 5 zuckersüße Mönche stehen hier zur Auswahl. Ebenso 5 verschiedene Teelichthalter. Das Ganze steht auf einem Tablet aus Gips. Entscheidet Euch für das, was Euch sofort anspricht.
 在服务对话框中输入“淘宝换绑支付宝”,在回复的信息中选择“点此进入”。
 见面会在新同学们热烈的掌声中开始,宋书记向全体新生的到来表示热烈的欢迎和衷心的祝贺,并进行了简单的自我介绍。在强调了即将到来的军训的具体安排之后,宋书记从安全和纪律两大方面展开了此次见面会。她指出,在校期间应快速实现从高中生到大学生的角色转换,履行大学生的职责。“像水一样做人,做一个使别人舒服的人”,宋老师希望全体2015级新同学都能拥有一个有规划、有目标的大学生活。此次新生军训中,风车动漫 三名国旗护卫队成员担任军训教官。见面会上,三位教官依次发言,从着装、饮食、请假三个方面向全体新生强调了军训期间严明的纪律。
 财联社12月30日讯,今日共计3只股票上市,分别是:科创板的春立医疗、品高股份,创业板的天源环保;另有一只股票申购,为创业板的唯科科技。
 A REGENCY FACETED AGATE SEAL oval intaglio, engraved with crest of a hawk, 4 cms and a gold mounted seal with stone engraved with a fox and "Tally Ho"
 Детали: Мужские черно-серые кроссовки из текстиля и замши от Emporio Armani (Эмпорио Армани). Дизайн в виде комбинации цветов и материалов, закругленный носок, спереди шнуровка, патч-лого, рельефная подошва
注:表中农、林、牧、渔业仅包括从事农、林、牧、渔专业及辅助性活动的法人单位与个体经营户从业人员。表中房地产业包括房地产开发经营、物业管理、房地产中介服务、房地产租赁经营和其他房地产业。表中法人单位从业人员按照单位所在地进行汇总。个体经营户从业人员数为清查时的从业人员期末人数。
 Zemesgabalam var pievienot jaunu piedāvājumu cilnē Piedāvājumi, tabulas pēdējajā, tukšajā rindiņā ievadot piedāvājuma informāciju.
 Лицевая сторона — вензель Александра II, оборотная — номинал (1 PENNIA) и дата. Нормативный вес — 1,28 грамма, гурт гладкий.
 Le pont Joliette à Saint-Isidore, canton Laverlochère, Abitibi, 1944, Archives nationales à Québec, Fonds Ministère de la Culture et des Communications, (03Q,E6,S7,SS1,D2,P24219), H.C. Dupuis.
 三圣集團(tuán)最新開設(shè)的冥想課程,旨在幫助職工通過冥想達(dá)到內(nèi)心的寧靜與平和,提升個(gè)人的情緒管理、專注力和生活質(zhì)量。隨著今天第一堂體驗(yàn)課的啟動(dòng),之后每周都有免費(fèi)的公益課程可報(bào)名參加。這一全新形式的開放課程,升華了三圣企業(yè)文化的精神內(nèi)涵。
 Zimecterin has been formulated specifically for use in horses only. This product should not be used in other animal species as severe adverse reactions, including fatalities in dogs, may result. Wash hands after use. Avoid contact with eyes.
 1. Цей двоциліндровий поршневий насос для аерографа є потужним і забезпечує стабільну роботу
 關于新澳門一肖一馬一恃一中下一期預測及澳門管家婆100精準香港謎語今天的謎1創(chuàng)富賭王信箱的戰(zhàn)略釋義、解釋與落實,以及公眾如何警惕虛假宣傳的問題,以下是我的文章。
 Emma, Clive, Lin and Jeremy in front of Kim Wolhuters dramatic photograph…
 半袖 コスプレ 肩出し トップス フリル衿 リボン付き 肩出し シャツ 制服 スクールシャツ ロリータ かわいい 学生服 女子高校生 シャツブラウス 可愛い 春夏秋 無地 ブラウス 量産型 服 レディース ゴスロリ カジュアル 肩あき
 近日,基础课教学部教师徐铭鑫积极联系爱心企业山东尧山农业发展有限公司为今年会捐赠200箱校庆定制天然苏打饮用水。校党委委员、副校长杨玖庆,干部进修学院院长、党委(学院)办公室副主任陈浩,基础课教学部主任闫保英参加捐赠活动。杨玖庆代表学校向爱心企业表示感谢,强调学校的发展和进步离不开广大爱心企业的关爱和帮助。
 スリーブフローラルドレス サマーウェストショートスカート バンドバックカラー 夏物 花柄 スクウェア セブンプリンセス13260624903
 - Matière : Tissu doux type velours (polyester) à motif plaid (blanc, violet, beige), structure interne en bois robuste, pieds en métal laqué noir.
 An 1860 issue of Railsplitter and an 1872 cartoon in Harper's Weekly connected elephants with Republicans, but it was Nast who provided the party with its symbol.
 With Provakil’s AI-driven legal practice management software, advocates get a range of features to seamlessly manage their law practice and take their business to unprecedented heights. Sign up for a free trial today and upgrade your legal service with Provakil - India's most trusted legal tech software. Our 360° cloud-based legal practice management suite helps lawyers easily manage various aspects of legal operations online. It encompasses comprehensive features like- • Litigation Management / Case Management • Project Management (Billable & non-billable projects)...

_Exercise requirements_
Everything from the line containing "關于新澳門一肖一馬一恃一中下" down to the last line of the entries is to be returned exactly, both ends included, and nothing beyond it.

_Task result_
 關于新澳門一肖一馬一恃一中下一期預測及澳門管家婆100精準香港謎語今天的謎1創(chuàng)富賭王信箱的戰(zhàn)略釋義、解釋與落實,以及公眾如何警惕虛假宣傳的問題,以下是我的文章。
 Emma, Clive, Lin and Jeremy in front of Kim Wolhuters dramatic photograph…
 半袖 コスプレ 肩出し トップス フリル衿 リボン付き 肩出し シャツ 制服 スクールシャツ ロリータ かわいい 学生服 女子高校生 シャツブラウス 可愛い 春夏秋 無地 ブラウス 量産型 服 レディース ゴスロリ カジュアル 肩あき
 近日,基础课教学部教师徐铭鑫积极联系爱心企业山东尧山农业发展有限公司为今年会捐赠200箱校庆定制天然苏打饮用水。校党委委员、副校长杨玖庆,干部进修学院院长、党委(学院)办公室副主任陈浩,基础课教学部主任闫保英参加捐赠活动。杨玖庆代表学校向爱心企业表示感谢,强调学校的发展和进步离不开广大爱心企业的关爱和帮助。
 スリーブフローラルドレス サマーウェストショートスカート バンドバックカラー 夏物 花柄 スクウェア セブンプリンセス13260624903
 - Matière : Tissu doux type velours (polyester) à motif plaid (blanc, violet, beige), structure interne en bois robuste, pieds en métal laqué noir.
 An 1860 issue of Railsplitter and an 1872 cartoon in Harper's Weekly connected elephants with Republicans, but it was Nast who provided the party with its symbol.
 With Provakil’s AI-driven legal practice management software, advocates get a range of features to seamlessly manage their law practice and take their business to unprecedented heights. Sign up for a free trial today and upgrade your legal service with Provakil - India's most trusted legal tech software. Our 360° cloud-based legal practice management suite helps lawyers easily manage various aspects of legal operations online. It encompasses comprehensive features like- • Litigation Management / Case Management • Project Management (Billable & non-billable projects)...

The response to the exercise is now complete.